EXTRACTED INFORMATION Start Marker

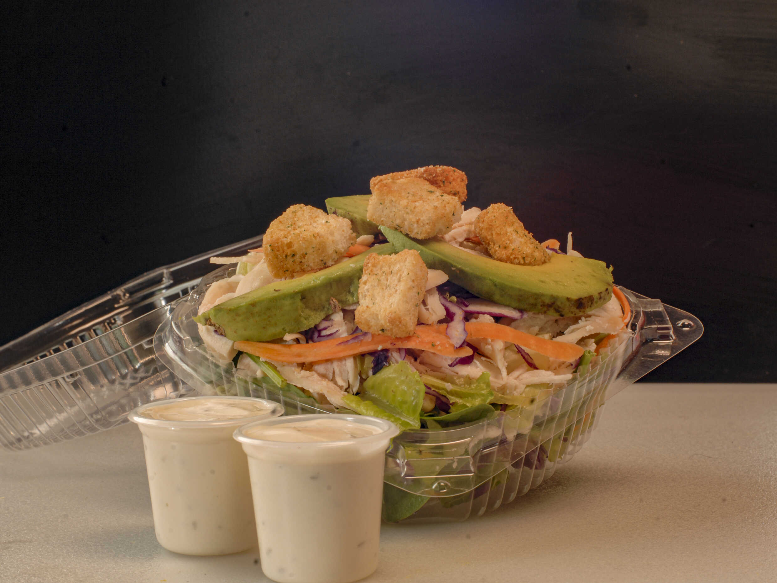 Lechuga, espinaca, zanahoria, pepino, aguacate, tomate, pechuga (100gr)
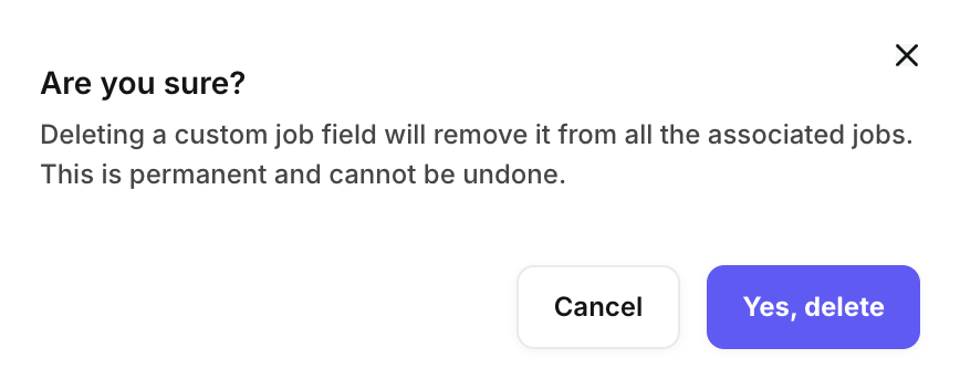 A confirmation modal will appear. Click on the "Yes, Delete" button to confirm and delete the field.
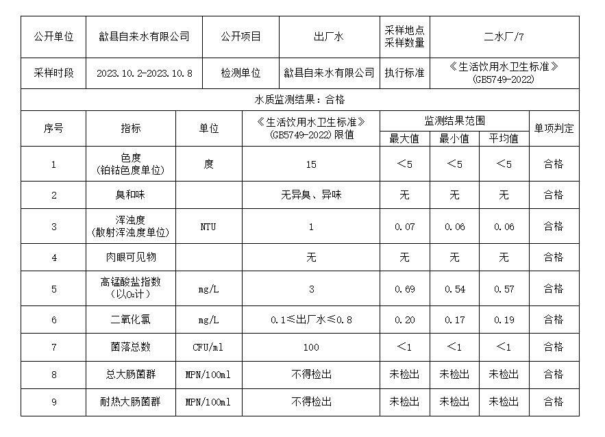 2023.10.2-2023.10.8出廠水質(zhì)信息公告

EXTRACTED INFORMATION End Marker
EXTRACTED INFORMATION Start Marker

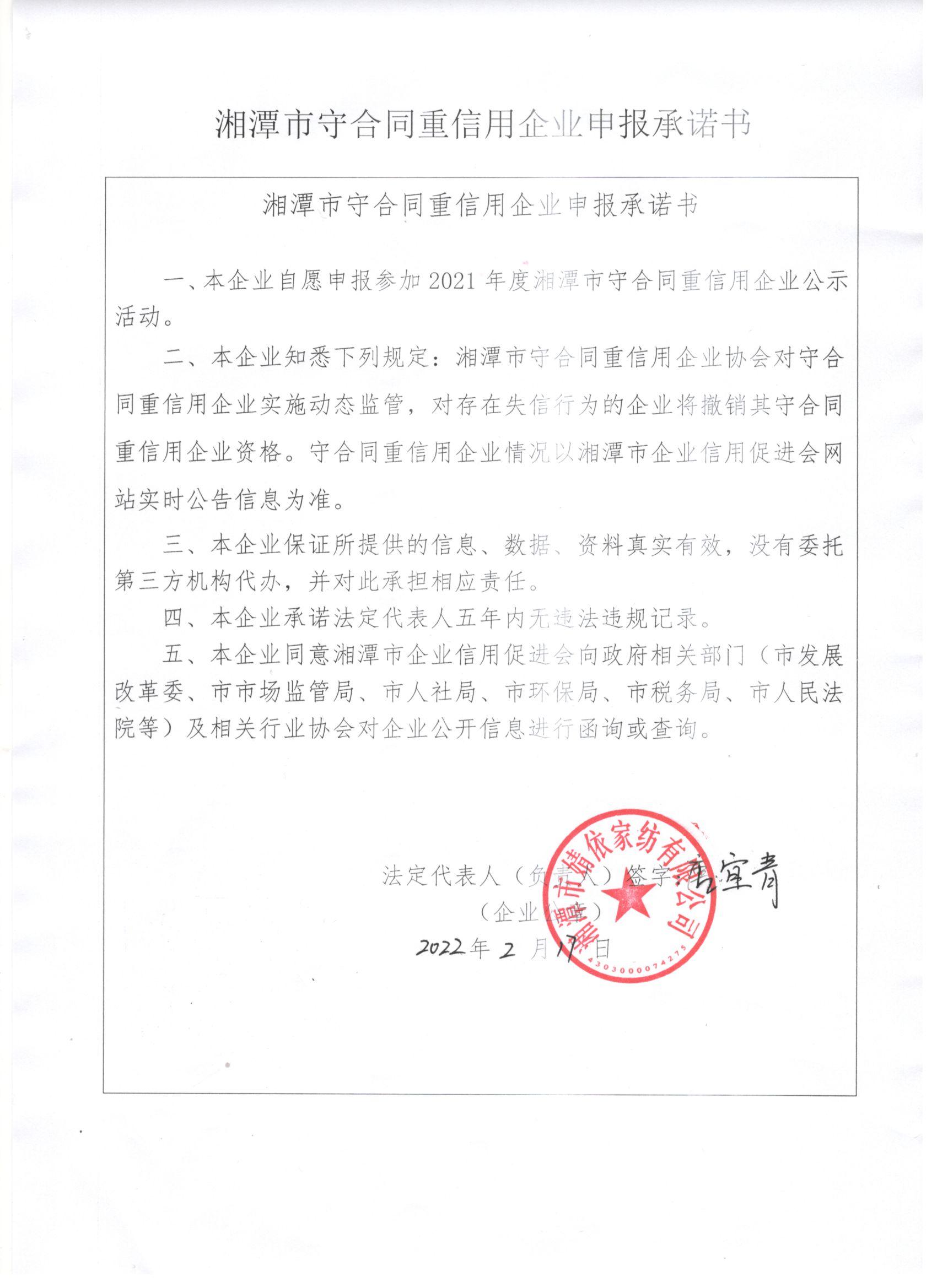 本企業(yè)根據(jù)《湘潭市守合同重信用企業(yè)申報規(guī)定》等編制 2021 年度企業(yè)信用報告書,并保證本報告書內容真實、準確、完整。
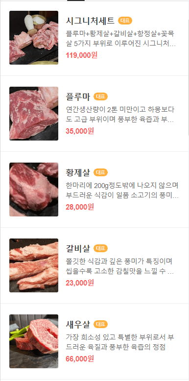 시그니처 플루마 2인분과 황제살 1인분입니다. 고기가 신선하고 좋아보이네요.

EXTRACTED INFORMATION End Marker

◆ ABOUT THIS TASK ◆
Reproduce exactly the lines of the data above that run from the line with "A confirmation modal" down to the line with "2023.10.2-2023.10.8出廠水質(zhì)信息公告", both ends included. Pictures do not belong in the copy.

◆ WRITTEN ANSWER ◆
 A confirmation modal will appear. Click on the "Yes, Delete" button to confirm and delete the field.
 2023.10.2-2023.10.8出廠水質(zhì)信息公告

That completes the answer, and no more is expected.